Durante el siglo XIV la ciudad amurallada de Caffa, en la península de Crimea, estuvo en manos de la República de Génova en razón de ser un lugar estratégico para el comercio en la "Ruta de la seda". En el año 1346 los mongoles comenzaron un largo sitio a la fortaleza. En el transcurso del cerco, los asaltantes sufrieron los efectos de la peste negra una enfermedad que probablemente se originó en la frontera de China de donde procedían las huestes tártaras. Agobiados por la duración del asedio y por los estragos de la peste entre sus tropas, los mongoles decidieron cargar sus catapultas con los cadáveres infectados de sus soldados para introducirlos por encima de las murallas (en cierta forma, estaban anticipando la "guerra biológica"). La epidemia se propagó con rapidez entre los residentes de Caffa y los pocos que sobrevivieron terminaron escapando por mar. Sus barcos arribaron al puerto de Mesina en Sicilia y allí las ratas y pulgas que acompañaban a la colonia de genoveses sirvieron de vector de transmisión para introducir la peste negra en Europa: Génova, Venecia, Francia, España, Inglaterra… Rusia. La pandemia diezmó la población europea que pasó de 50 a 20 millones de personas.
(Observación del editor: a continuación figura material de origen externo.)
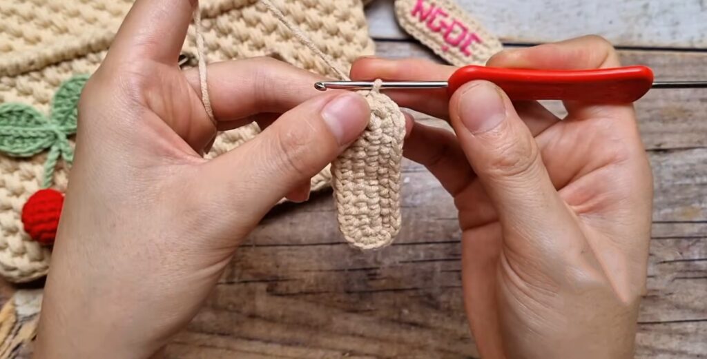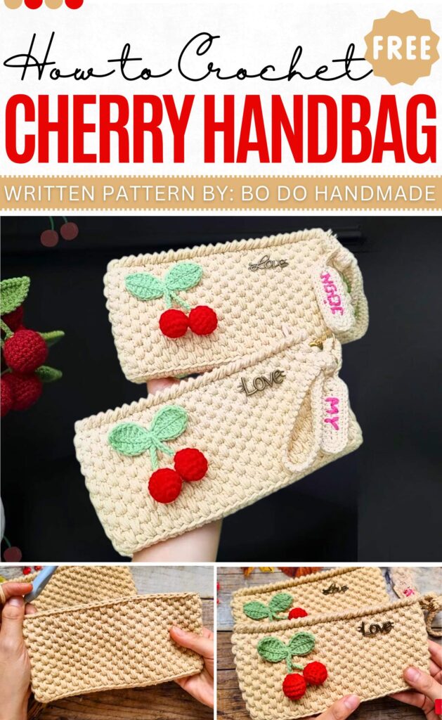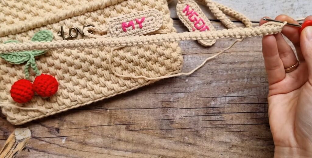 Finish the bag: Crochet a small strap, a name tag, and a cherry to sew on the front.
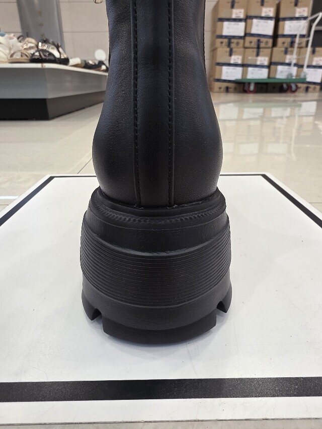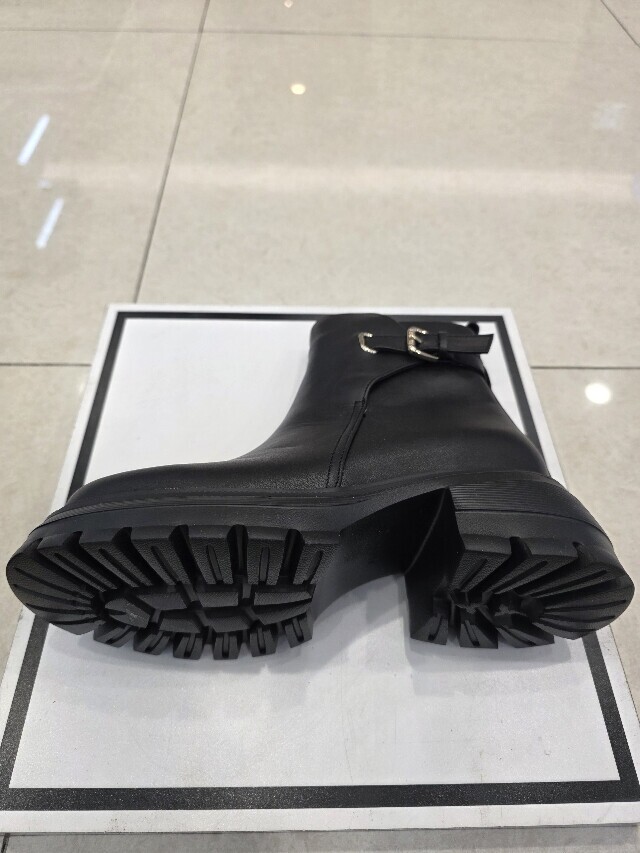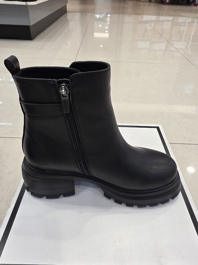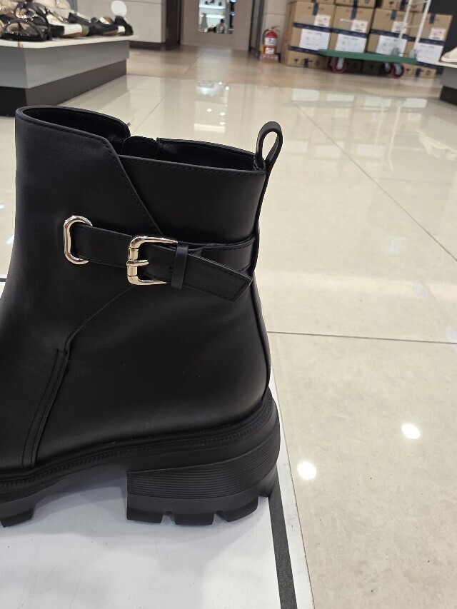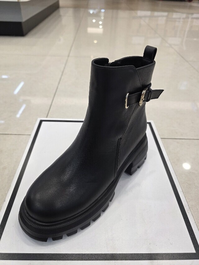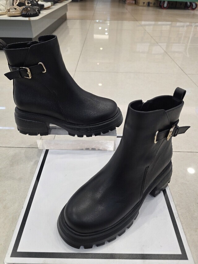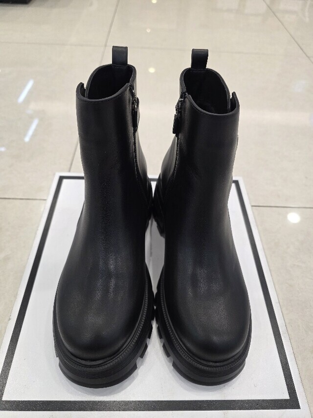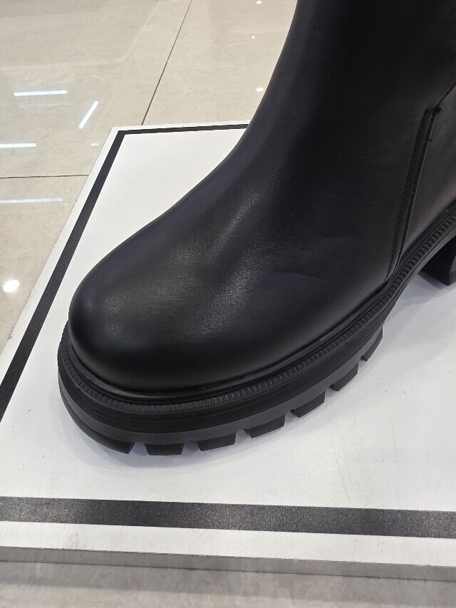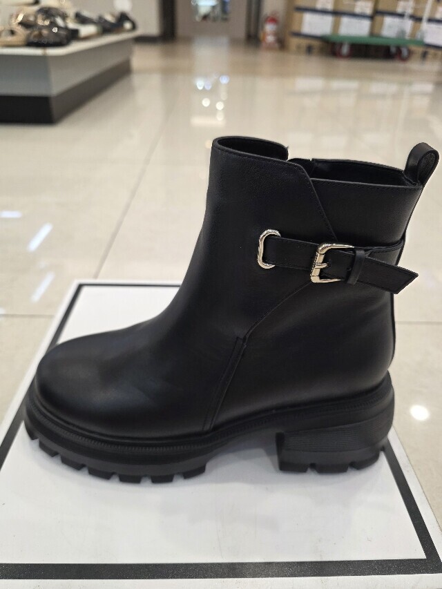 굽높이 약6cm의 높이에 천연소가죽소재를 사용하여 제작된 여성 경량 청키 앵클부츠입니다
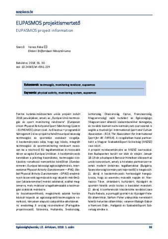 Veress, Réka (2018) EUPASMOS projektismertető = EUPASMOS project information. EGÉSZSÉGFEJLESZTÉS, 59 (1). pp. 86-87. ISSN 1786-2434 (nyomtatott); 2498-6666 (elektronikus)
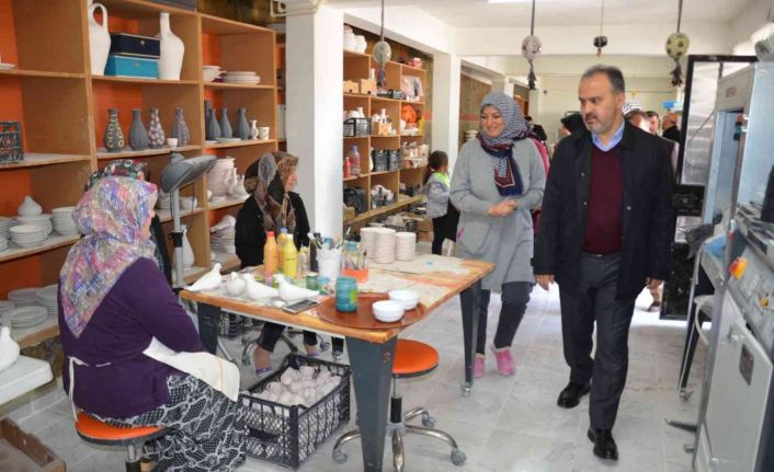 EMKO’nun seramik atölyesini gezen, üretim ve kooperatif hakkında Kooperatif Başkanı Ayşe Er’den bilgiler alan Belediye Başkanı Ali Nur Aktaş, üretilen mamulleri inceleyip örnekler aldı.

En 1918, coincidiendo con los estertores de la I Guerra Mundial, otra pandemia se extendió por el mundo, la llamada "gripe española". El (super) virus H1N1 fue su causante y en poco más de dos años mató a 50 millones de personas (más que las dos guerras mundiales juntas). Aunque separadas por seis siglos, el factor principal de la difusión de las dos enfermedades fue su gran capacidad de contagio aún en unos tiempos en que la movilidad de la gente era bastante limitada (la mayoría de personas no se alejaban en toda su vida más de 20 km de su lugar de nacimiento). En estos días estamos asistiendo con preocupación a la propagación de otro agente patógeno, un coronavirus que tuvo su origen en la ciudad china de Wuhan. La extrema facilidad de desplazamientos entre ciudades, países y continentes junto con la gran masificación de los núcleos urbanos y la inexistencia de una vacuna específica, favorecen la rápida transmisión de esta enfermedad respiratoria, dejando prácticamente y a pesar de nuestra sofisticada medicina, en las manos del virus (su tasa de mortalidad y su índice Ro -número de personas capaces de ser contagiadas por un infectado) la gravedad de la epidemia. No sabemos ni cuándo ni dónde, pero está garantizado que llegará una nueva versión de la gripe asesina del 1918. Sin una vacuna universal los servicios de salud se verán desbordados, las infraestructuras amenazadas y el suministro de alimentos comprometido. Los disturbios callejeros ocasionaran tantas o más victimas que la gripe. Solo nos queda rezar… y lavarnos las manos.